| Exercise goal |
Look through the data below and output, unchanged, every line from the one holding "Gold is approaching" through the one holding "with Safety Chain", inclusive. Skip the pictures.
-- Entries shown follows --
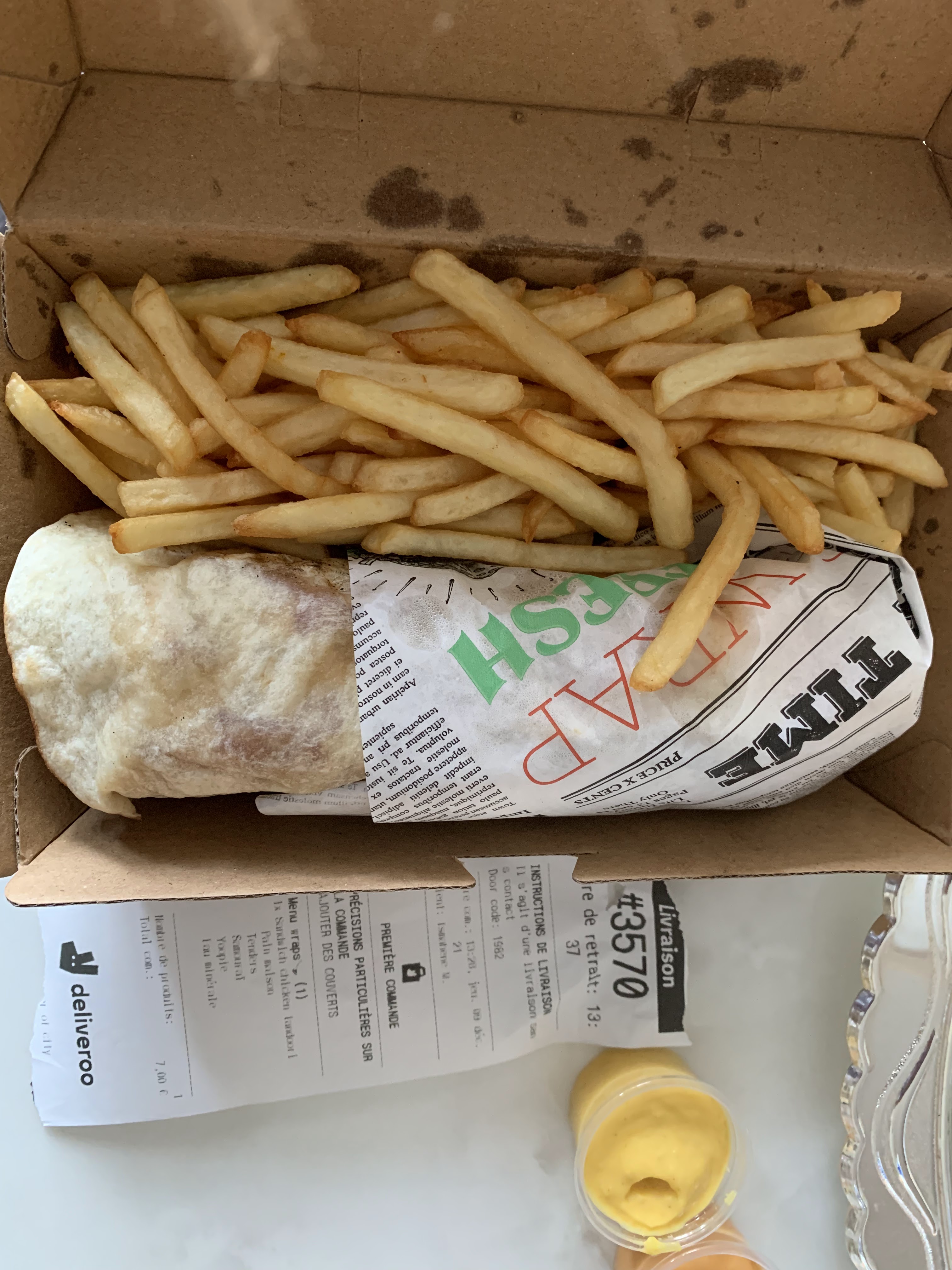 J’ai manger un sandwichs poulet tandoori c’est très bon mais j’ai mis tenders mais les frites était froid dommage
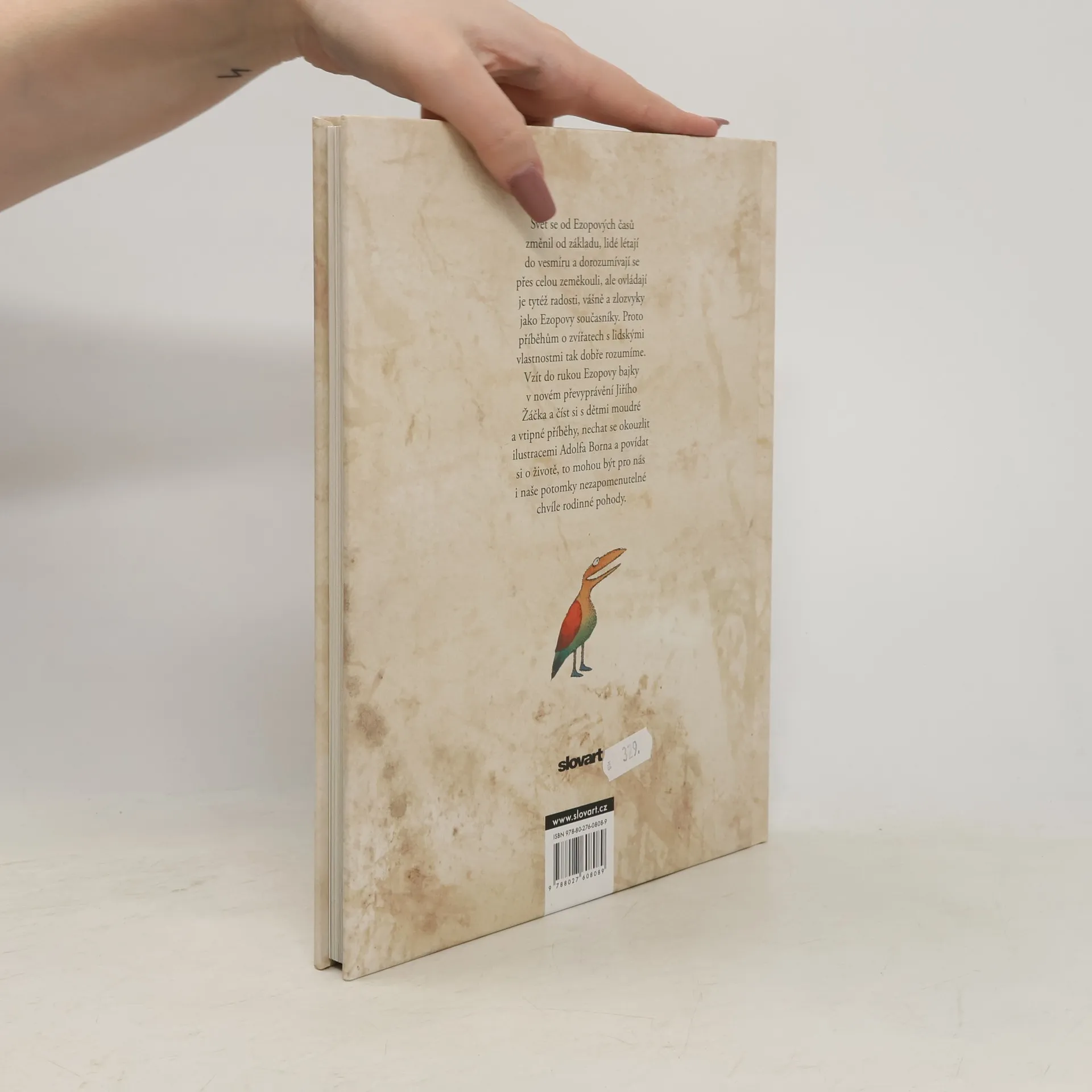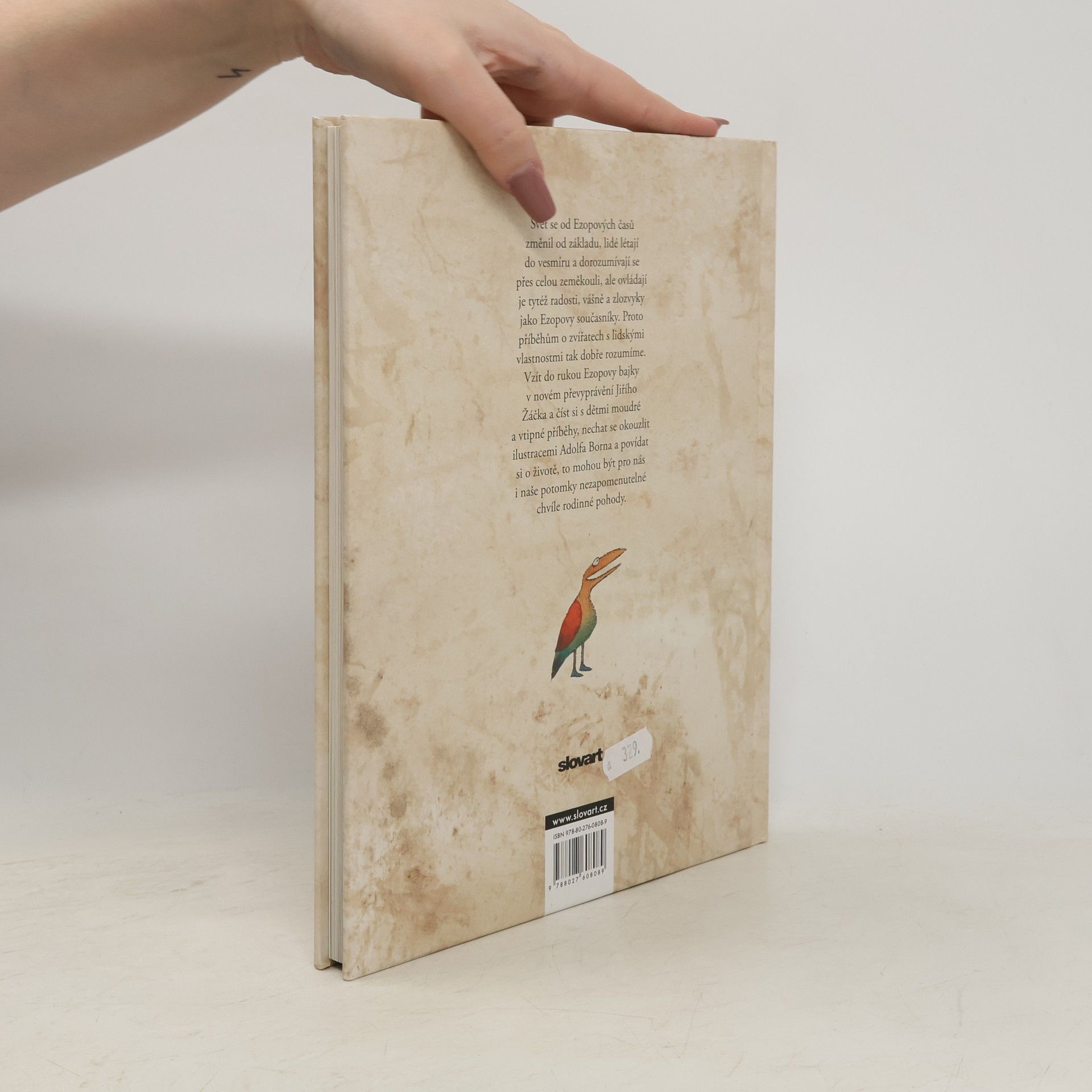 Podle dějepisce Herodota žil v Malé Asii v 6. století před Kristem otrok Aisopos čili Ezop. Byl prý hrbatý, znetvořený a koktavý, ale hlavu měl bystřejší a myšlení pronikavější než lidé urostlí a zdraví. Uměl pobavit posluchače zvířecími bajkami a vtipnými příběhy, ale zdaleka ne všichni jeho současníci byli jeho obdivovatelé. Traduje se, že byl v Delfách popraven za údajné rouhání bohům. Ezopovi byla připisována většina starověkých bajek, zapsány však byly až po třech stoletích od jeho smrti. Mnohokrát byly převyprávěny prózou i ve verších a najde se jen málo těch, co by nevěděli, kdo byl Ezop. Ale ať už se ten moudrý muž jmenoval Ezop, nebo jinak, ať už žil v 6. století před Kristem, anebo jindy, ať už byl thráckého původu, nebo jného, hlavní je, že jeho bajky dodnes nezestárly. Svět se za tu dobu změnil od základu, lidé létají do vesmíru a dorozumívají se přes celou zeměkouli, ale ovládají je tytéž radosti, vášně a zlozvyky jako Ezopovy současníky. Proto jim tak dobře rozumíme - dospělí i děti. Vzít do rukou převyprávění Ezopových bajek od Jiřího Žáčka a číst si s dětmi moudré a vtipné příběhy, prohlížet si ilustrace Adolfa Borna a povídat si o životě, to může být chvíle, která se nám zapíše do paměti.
-- Entries shown concluded --
-- Entries shown follows --
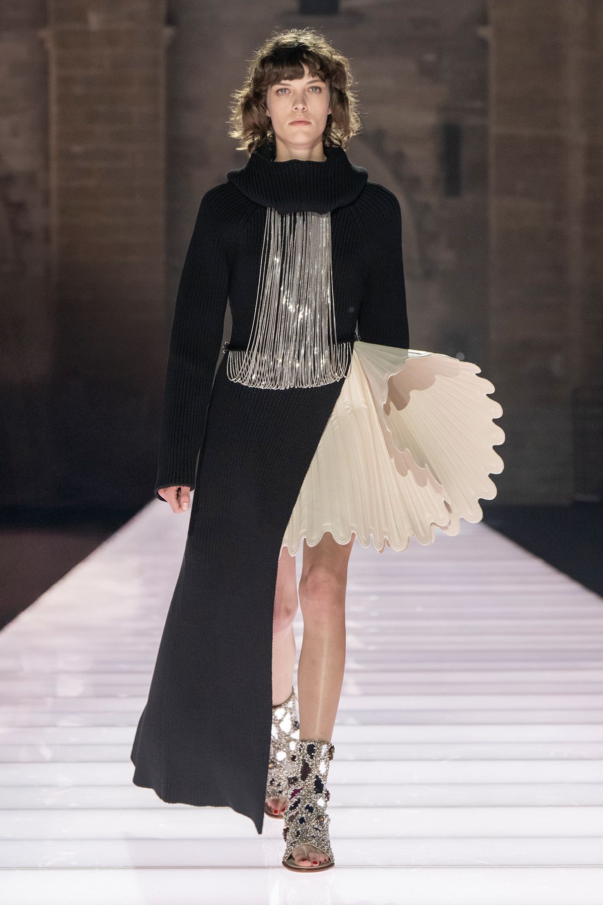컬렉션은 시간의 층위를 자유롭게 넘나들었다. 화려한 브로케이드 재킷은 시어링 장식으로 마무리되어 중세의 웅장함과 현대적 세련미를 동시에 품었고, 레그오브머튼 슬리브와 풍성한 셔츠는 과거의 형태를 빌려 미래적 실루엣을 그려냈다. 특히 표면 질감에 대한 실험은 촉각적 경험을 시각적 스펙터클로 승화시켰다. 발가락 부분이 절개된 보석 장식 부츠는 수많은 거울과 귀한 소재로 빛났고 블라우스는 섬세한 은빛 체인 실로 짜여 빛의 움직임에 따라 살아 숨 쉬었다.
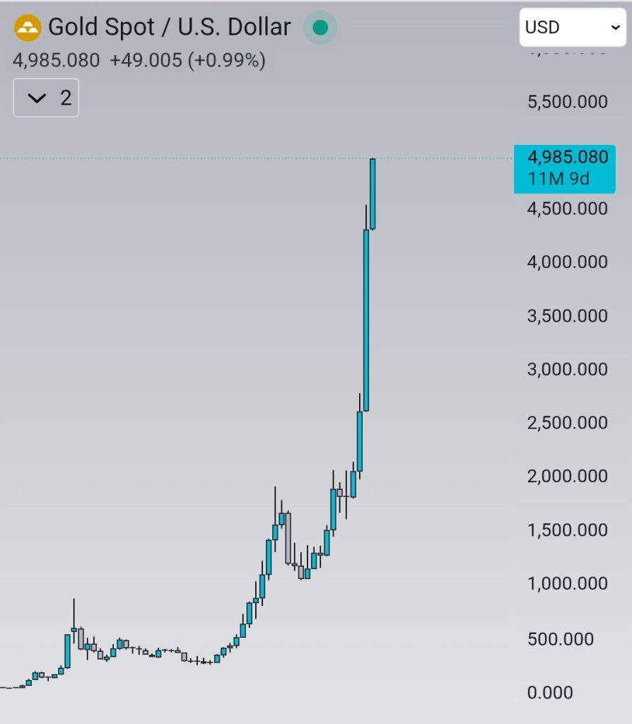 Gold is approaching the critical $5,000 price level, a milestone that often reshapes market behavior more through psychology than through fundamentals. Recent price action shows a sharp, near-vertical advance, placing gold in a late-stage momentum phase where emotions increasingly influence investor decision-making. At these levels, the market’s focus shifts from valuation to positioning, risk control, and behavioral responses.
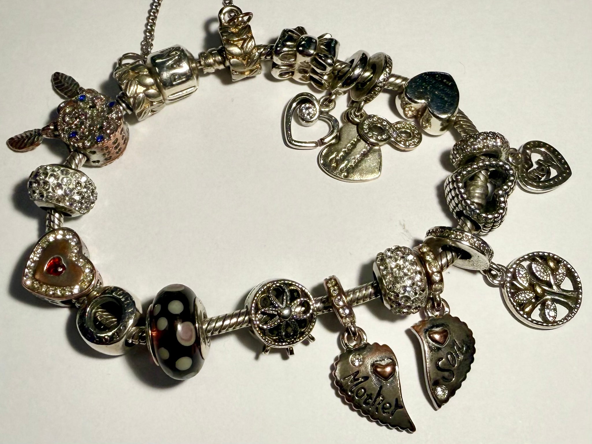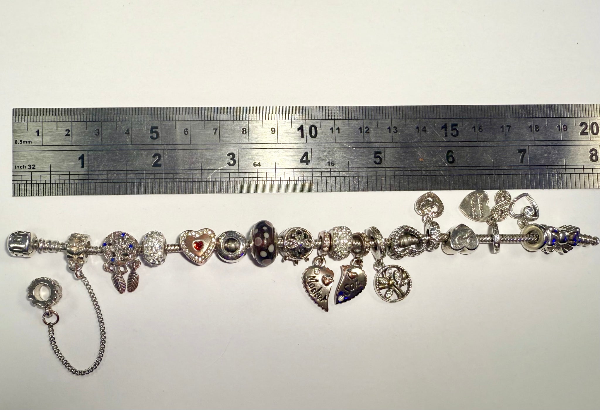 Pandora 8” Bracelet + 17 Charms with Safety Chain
-- Entries shown concluded --
| Result for this exercise |
 Gold is approaching the critical $5,000 price level, a milestone that often reshapes market behavior more through psychology than through fundamentals. Recent price action shows a sharp, near-vertical advance, placing gold in a late-stage momentum phase where emotions increasingly influence investor decision-making. At these levels, the market’s focus shifts from valuation to positioning, risk control, and behavioral responses.
 Pandora 8” Bracelet + 17 Charms with Safety Chain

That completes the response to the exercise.